═══ Dataset records

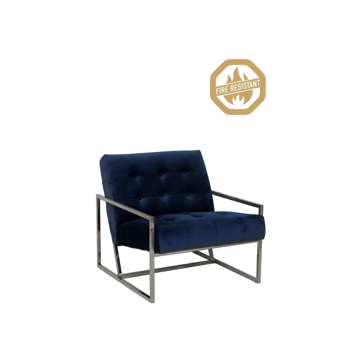 This sumptuous dark, inky blue velvet chair with a stylish button back measures at H: 70 x W: 81 x D: 71 cm. With its striking angled backrest and its inviting seat, the Geneve is a true statement occasional chair. The grey nickel frame is the ultimate minimalist functional design, providing light arm support and a secure seating position. Perfect for a bay window in a bedroom or a lounge, it would sit equally happily on bare wooden floorboards or a deep pile carpet, in a contrasting colour to the seat. Adding a bolster cushion to match your decor might help complete your interior look. *Moot Trading Ltd is not a lender and acts only as an introducer. The credit product is provided by Klarna Bank AB (publ). Credit is only available to permanent UK residents aged 18 and over, subject to status. Terms and conditions apply. Please note that the following products are not regulated by the FCA: Pay in 30 days and Pay in 3 instalments. Read More.
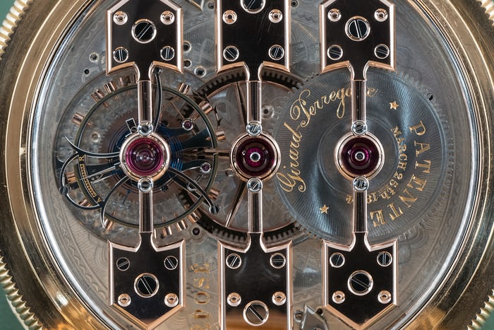 Турбийон работает довольно просто. Например, механизм этого карманного хронометра Girard-Perregaux 1889 года показывает основные принципы. Ствол боевой пружины - справа; при вращении ствол зацепляется за шестерню центрального колеса. Когда центральное колесо вращается, оно переключается на шестерню каретки. Эта шестерня находится под кареткой и не видна. Механизм, который является видимым непосредственно под кареткой турбийона не включается; он фактически прикреплен к пластине. Зубья этой неподвижной шестерни зацепляются с шестерней спускового колеса, что видно примерно в положении 10:00 каретки. Когда каретка поворачивается, зацепление спускового колеса с неподвижным колесом заставляет спусковое колесо поворачиваться, а когда оно разблокируется, оно дает импульс балансу. В зависимости от спуска и желаемой скорости турбийона возможны различные конфигурации. Однако их всех объединяет наличие неподвижного колеса, которое приводит в движение колесо внутри клетки, когда клетка вращается. Фиксированное четвертое колесо, которое обычно вращается один раз в минуту и ​​на оси которого установлена ​​секундная стрелка, даст вам минутный турбийон, но при желании вы можете использовать фиксированное третье колесо с установленными четвертым колесом и колесом аварийного выхода внутри клетки. Такое расположение часто предпочитали дизайнеры, ищущие более эффективные турбийоны, поскольку более медленное вращение означает, что вам придется преодолеть меньшую инерцию при разблокировке спуска.
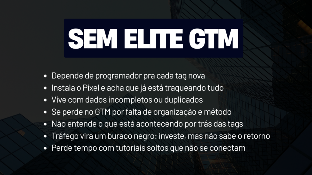 A maioria dos donos de e-commerce e gestores que trabalham com tráfego têm um sistema completamente cego de mensuração. Eles até acham que o Pixel e o Analytics estão funcionando… mas sem um traqueamento profissional via GTM, os dados estão sempre incompletos ou errados.
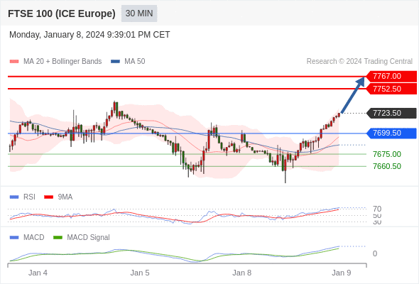 英国富时100指数期货 当日内: 看涨,当 7699.50 为支撑位。
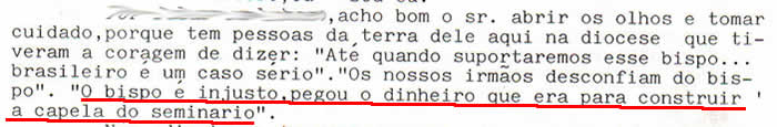 por telefone; o bispo se exaltou tanto que dias depois

══════

Give again, word for word, each line from the one holding "英国富时100指数期货 当日内: 看涨,当 7699.50 为支撑位。" through the end of the entries, and leave out any picture.

#### Result for this exercise
 英国富时100指数期货 当日内: 看涨,当 7699.50 为支撑位。
 por telefone; o bispo se exaltou tanto que dias depois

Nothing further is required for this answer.